Successivamente Sant’Agostino e San Bonaventura hanno aggiunto una quarta caratteristica trascendentale all’essere: pulchrum, cioè bello. San Francesco, poeta ed esteta d’eccellenza, “nel bello delle creature ha visto il Bellissimo”.
Fiodor Dostoevskij è stato un convinto estimatore della bellezza. A lui si deve in L’idiota l’espressione: “La bellezza salverà il mondo”. Attraverso le storie narrate nei suoi romanzi il romanziere russo ha spiegato che la bellezza ci porta all’amore, condiviso con il dolore. Egli ha visto la bellezza nell’anima dei personaggi più perversi. Ha descritto soggetti immersi nella più profonda e abietta disperazione. Per lui il contrario di “bello” non era “brutto” ma l’utilitarismo, il cinismo, ossia la volontà, l’intento di usare gli altri “sottraendo” loro la dignità.
Il monaco benedettino A. Grun racconta che Dostoevskij andava almeno una volta l’anno a vedere la Madonna Sistina di Raffaello Sanzio e che rimaneva in lunga contemplazione davanti a quella splendida figura. Per Dostoevskij la contemplazione della Madonna di Raffaello costituiva terapia personale. Senza di lei avrebbe disperato degli uomini e di sé stesso, davanti ai tanti problemi che vedeva. La contemplazione della Vergine da parte di Dostoevskij è molto sorprendente, dato che i suoi romanzi penetrano nelle zone più oscure e perfino perverse dell’animo umano. Nel romanzo I fratelli Karamazov il romanziere ha approfondito il tema della bellezza: un ateo, Ippolit, domanda al principe Mynski “in che modo la bellezza salverebbe il mondo?” Il principe non risponde alcunché. Si reca, invece, da un giovane di diciotto anni in agonia e rimane lì, pieno di compassione e di amore finché quello muore.

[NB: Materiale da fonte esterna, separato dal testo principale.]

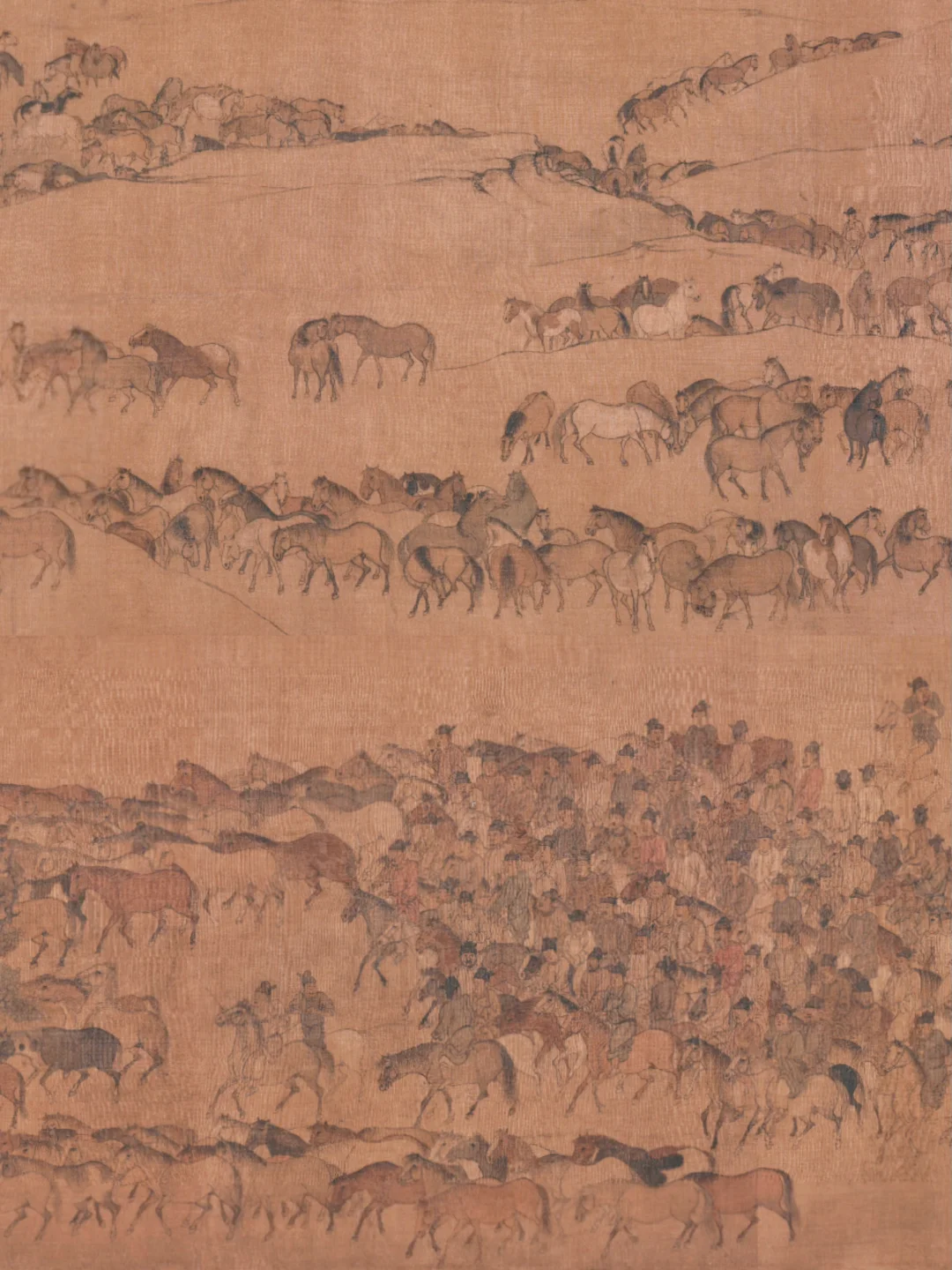 李公麟画作,北京故宫博物院藏。全卷1286匹马,展现皇家牧场从出牧到散牧完整过程,马姿各异,“千马千面”。

Il mondo potrà salvarsi finché ci saranno gesti come quelli del principe Mynski, che purtroppo oggi mancano!
Dostoevskij amava ripetere: “Sicuramente non possiamo vivere senza pane, ma anche esistere senza bellezza è impossibile”.
Anche Papa Francesco ha dato speciale importanza alla trasmissione della fede cristiana attraverso la via Pulchritudinis (la via della bellezza).
Ma ai nostri tempi dov’è la bellezza? Ci sono giovanissimi che si recano in discoteche, per loro anche fatali, e pagano per osannare canzoni che seminano violenza, discriminazione, volgarità e ogni tipo di oscurità, severamente condannate (le canzoni) anche dai giornalisti più anziani e navigati!
Non è forse giunto il momento di fermarsi a riflettere un po’, a discernere ciò che è bello, giusto e buono? Non è forse arrivata l’ora di raccogliersi e isolarsi un po’ dal delirio imperante?
Dunque facciamo in modo che il Natale trascorso diventi l’occasione per scandagliare il nostro cuore e riflettere sull’autentico significato, sul messaggio e sulla bellezza della Natività.